第68回エミー賞で2年連続の最多受賞となる12の賞を獲得した
「ゲーム・オブ・スローンズ」。TVシリーズの枠を超え、世界中で大人気の歴史的
大ヒットドラマの最新章<第七章:氷と炎の歌>がいよいよ幕をあける。
ロバート王の死後、覇権争いが激化している七王国・ウェスタロス。首都キングズ・ランディングでは、反対勢力を大聖堂ごと爆破し、サーセイが女王の座に就いていた。王座奪還を目指すデナーリスは、艦隊を引き連れて故郷ドラゴンストーンへ。一方、野人を壁の内側に引き入れた罪により、ナイツ・ウォッチに胸を刺されて一度は死んだジョン・スノウだったが、メリサンドルの魔術により奇跡的に復活。その後サンサと合流し、北の居城・ウィンターフェル城をラムジー・ボルトンから無事に奪い返したジョンは北の王となったのだった。
ドラゴンを引き連れたデナーリスの上陸により、ヒートアップする覇権争い。さらには、北の壁に迫り来る“死の軍団”との戦いや、ついに明かされるジョン・スノウの出生の秘密など、ハラハラドキドキの展開が目白押し!最終章となる第八章まであと少し。一気に物語が加速する第七章から目が離せない。

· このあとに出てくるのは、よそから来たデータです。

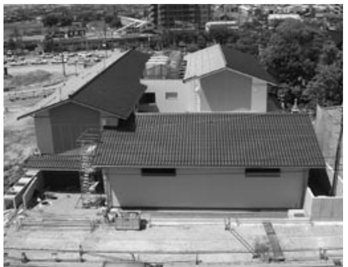
建設中の千代女の里俳句館
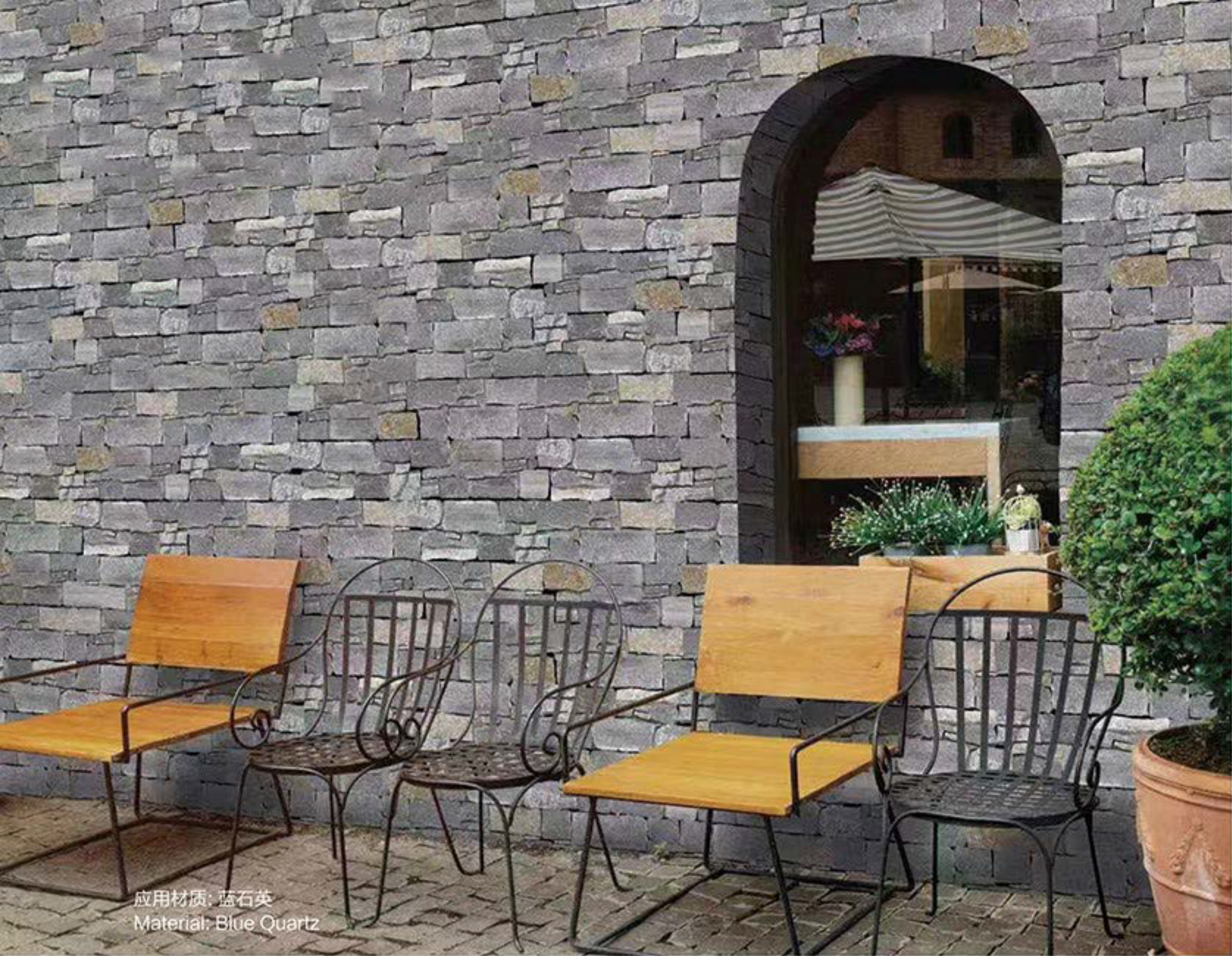
应用材质: 蓝石英 Material: Blue Quartz

デナーリスの上陸により、激突必至の覇権争いが見どころの第七章。ドラゴン、穢れなき軍団、ドスラク人の騎馬隊を従えて、ついに生まれ故郷ドラゴンストーンへの上陸を果たしたデナーリスは、<女王の手>となったティリオンの智略で、ハイガーデンのタイレル家やドーンのマーテル家、グレイジョイ家のヤーラとシオンなど、女王サーセイと因縁のある面々と協力し、王座奪還を目指していく。一方、女王の座に就いたサーセイは、最愛の息子トメンを失ったことにより、ますます冷酷非道に。ジェイミー率いるラニスター軍団のほか、圧倒的な戦闘力を持つグレイジョイ家のユーロンと共に、反抗勢力の制圧に向かっていく…。

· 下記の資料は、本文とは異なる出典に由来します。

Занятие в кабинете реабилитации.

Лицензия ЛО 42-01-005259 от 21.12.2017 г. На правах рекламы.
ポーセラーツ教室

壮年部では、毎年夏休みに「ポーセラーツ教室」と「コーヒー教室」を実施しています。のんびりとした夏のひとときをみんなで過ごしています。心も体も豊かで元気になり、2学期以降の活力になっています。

裏切り、謀略、裏の裏をかく戦略など、予想できないスピーディな展開やスペクタクルな戦いのシーンは手に汗を握る。ドラゴンの参入によりスケールアップした迫力の戦闘シーンは大作映画のよう。ドラゴンの背に乗り「ドラカリス」という言葉で敵を焼き尽くすデナーリスの勇姿も見どころだ。火花をちらすデナーリスとサーセイの戦いの裏で、北部では、すぐそこまで迫り来るホワイトウォーカーら“死の軍団”の脅威に対抗するため、ジョン・スノウが“ある準備”を始めていた…。
果たして、生き残るのは誰か!?覇権を握るのは誰なのか!?そして、ホワイトウォーカーら“死の軍団”から無事、人類を守りきることができるのか!?
「ゲーム・オブ・スローンズ」の魅力のひとつとして、キャラクター描写の素晴らしさが挙げられる。イケメンのジョン・スノウやジェイミーだけじゃなく、しっかりと脇役や敵役、時には悪役にさえ人間味や悲哀を感じさせてくれるのだ。戦闘シーンの多い第七章では、特に脇役の存在感が光っている。イケメンでなくともかっこいい、戦う男達。スタニスに忠義を尽くし、今はジョンとともに行動する“玉葱の騎士”ダヴォス。灰鱗病を患い、涙を飲んでデナーリスの元を離れた剣士ジョラー・モーモント。かつてはティリオンの傭兵隊長、今はジェイミーの良き相談役であり腕利きの傭兵であるブロン。腕っ節が強くたくましい野人のトアマンド。炎の剣で戦い、何度も生き返る奇跡を見せる<旗印なき兄弟団>の二人。アリアやブライエニーとの交流で生まれ変わった強面ハウンドなど、脇役達のかっこよさが滲み出ている。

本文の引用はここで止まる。